While it is always difficult to project attendance at conferences, we seem to be settling into a new higher level of attendance, after a growth spurt the last 2-3 years. Being prepared for more than expected numbers is extremely important for the next couple of years until we can again trust our newly-adjusted predictions. We may be at a point where most conference hotels no longer are large enough and we will have to specifically consider convention centers for future conferences.
Both ACL and EMNLP 2017 are keeping in mind Michael Strube’s schema to optimally lay out the posters, demos and food/beverages for the poster/dinner sessions to allow ample walk space and overall comfort. Workshops continue to be more challenging in finding adequate space for the growing attendance at some workshops and the many poster sessions and numbers of posters within a workshop that they plan to present. Careful advance planning is essential for these events.
Conference Sponsorship:
EACL 2017 had sponsorships through the Office totaling $18,259 plus $3,500 from Google sponsoring the Ethics in NLP workshop. The Office has no record of local sponsorships obtained and kept within Europe.

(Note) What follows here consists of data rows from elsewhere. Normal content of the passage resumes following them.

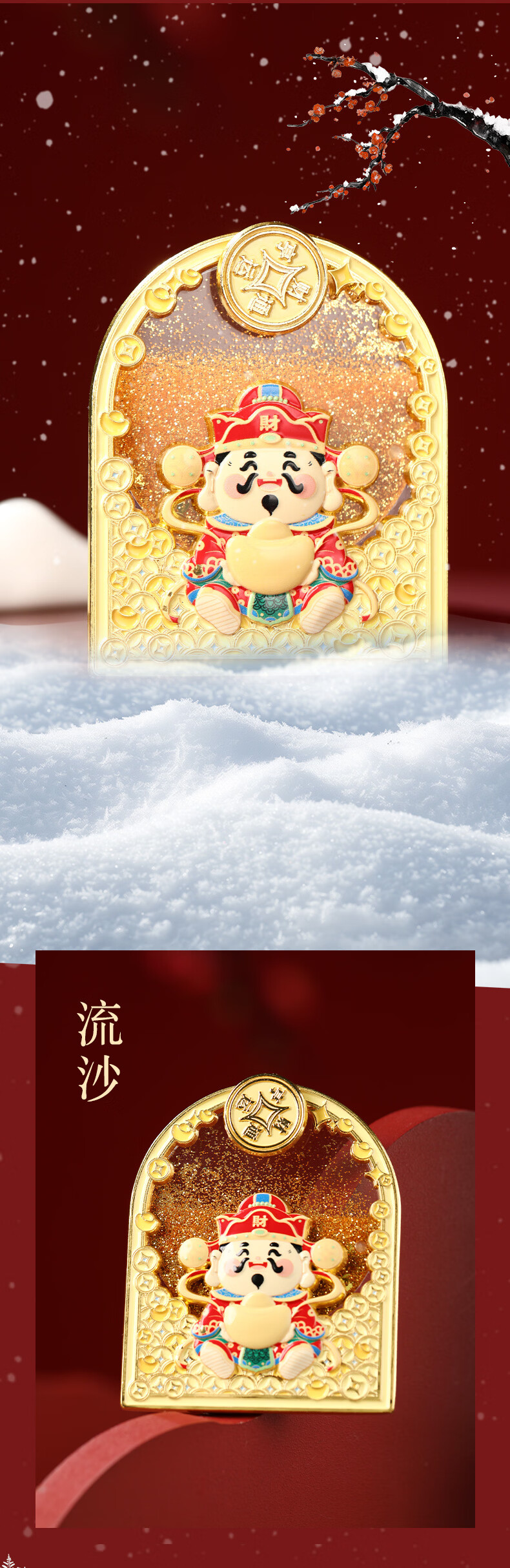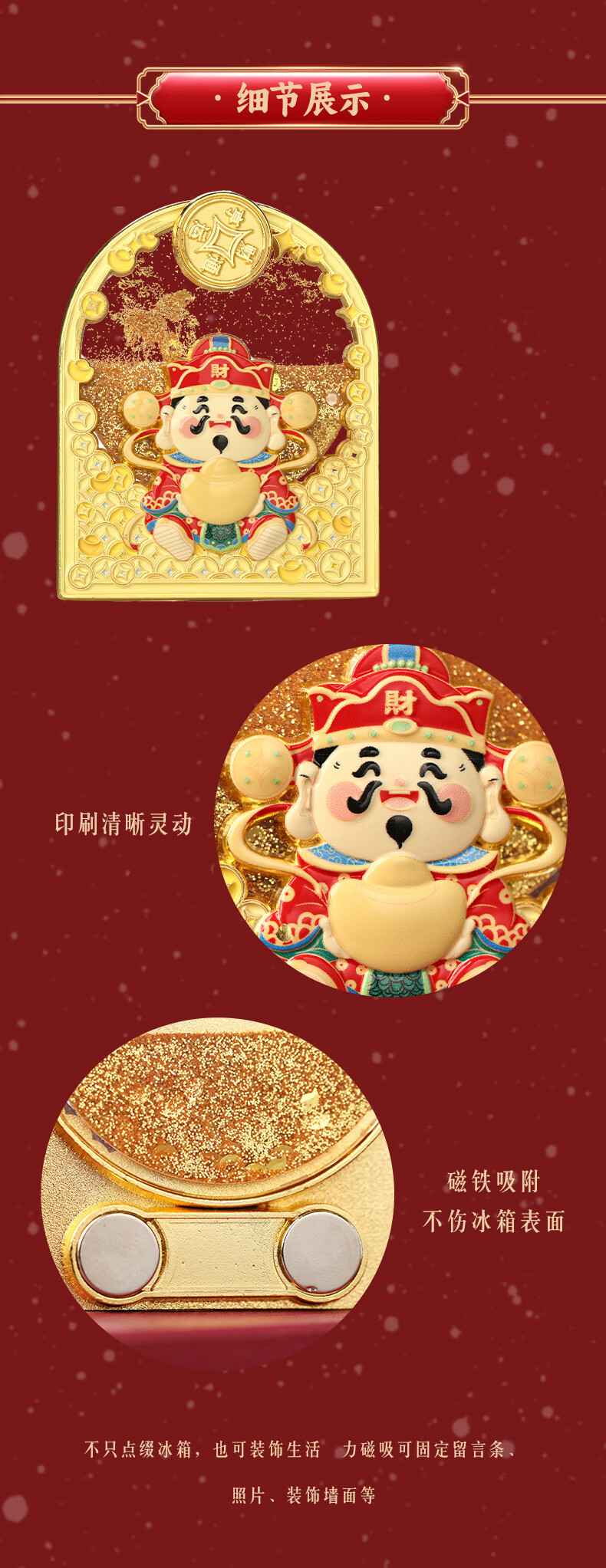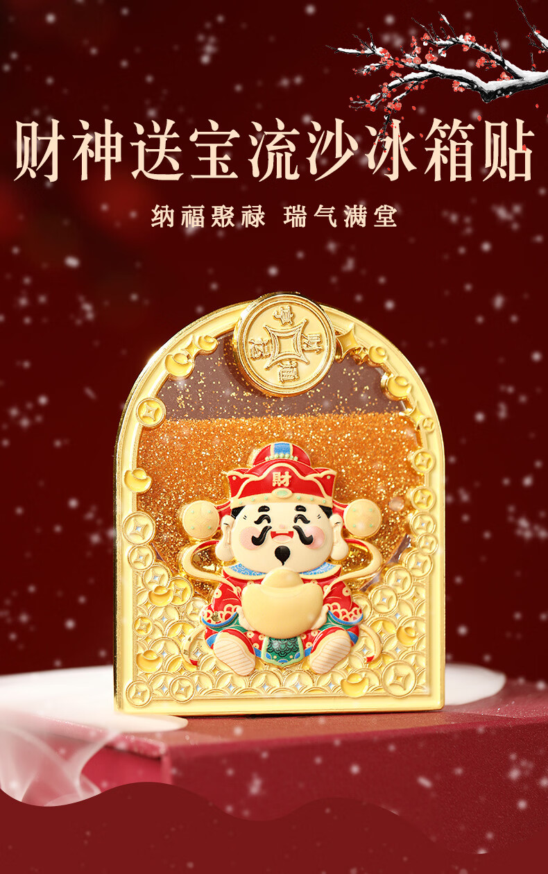 慈元阁财神送宝流沙磁吸冰箱贴复古招财国潮文创旅游伴手礼元旦新年礼物 财神送宝流沙冰箱贴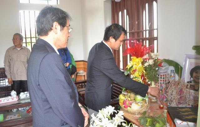 Sau khi đến nhà, Đại sứ Nhật Bản thắp hương bé Nhật Linh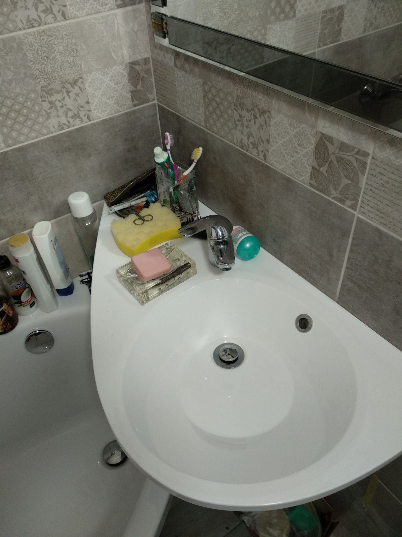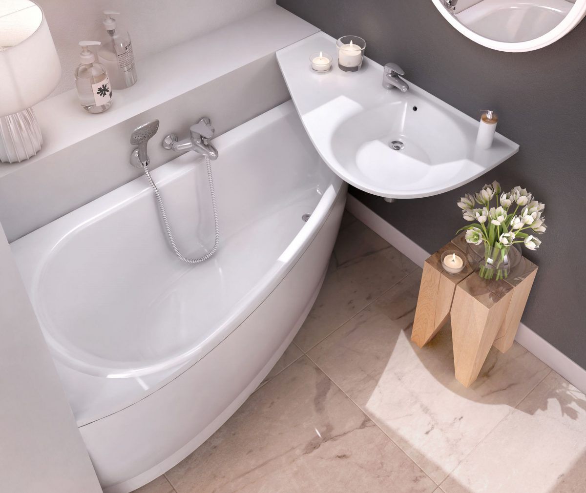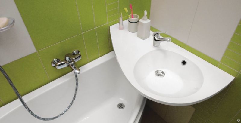 Умывальник с удобным моющим пространством и местом для вещей предназначен, прежде всего, для установки над ванной.

ACL 2017 has proven to be quite popular, not only in numbers of registrations but also in having an all-time record breaking $303,237 in conference sponsorship commitments. Our faithful sponsors (Amazon, Baidu, Bloomberg, Brandeis University, ebay, Facebook, Google, Huawei Technologies, IBM Research, Microsoft, Nuance, Recruit Technologies, University of Washington, Yandex) plus sponsors we have not seen before or are returning (Adobe, Alibaba, Apple, Columbia University, CVTE, Duolingo, Elsevier, Grammarly, KPMG LLC, Maluuba/Microsoft, NAVER Corporation, NEC, NYU, Oracle, Robert Bosch LLC, SAP, Samsung Electronics, Sogou, Tencent, Textkernel, Toutiao, VoiceBox, @Newsela) continue to help us thrive. We also have $44,100 in sponsorships supporting workshops (primarily $40,000 to the WiNLP). Exciting commitments are from sixteen companies who each promised $500 for the Recruitment Lunch, for a total of $8,000. Five of these companies, including Twitter, are not also sponsors of the main conference. Special thanks to the General Chair, Chris Callison-Burch, and the Asian International Sponsorship Committee representative, Wanxiang Che, for eagerly pursuing additional and often new sponsors!
$108,473.80 in EMNLP 2017 sponsorships were committed so far. Many were the result of 2-Pack or 3-Pack sponsorship agreements so the same companies as listed above (Apple, Amazon, Baidu, Bloomberg, Brandeis University, CVTE, Duolingo, ebay, Facebook, Google, Grammarly, Huawei Technologies, IBM, Maluuba/Microsoft, Microsoft, Nuance, Oracle, Recruit Institute of Technology, SAP, Sogou, Textkernel, Yandex) plus deloitte, NEXT Canada, Siteimprove, SnapChat, Trust Pilot and Wizkids (mostly local companies) generously donated. Additionally, the BEA Workshop and W-NUT have $3,600 in sponsor commitments.
The idea of offering 2-Pack or 3-Pack options and including EMNLP allowed sponsors to make one payment to support two or all three events rather than one at a time. This made sponsoring easier, especially for our ongoing sponsors. For the 2017 Sponsorship Booklet that the International Sponsorship Committee and the Office pulled together, we continue to offer these multi-pack options, resulting in some of the first commitments and at higher levels (Amazon and Baidu at Platinum, for example) to come in.
The area Sponsorship Chairs and the Local Arrangement Sponsorship Chairs are working diligently to help make our conferences successful and it is a pleasure working with them. And, many thanks to all sponsors who help to make our conferences and workshops successful!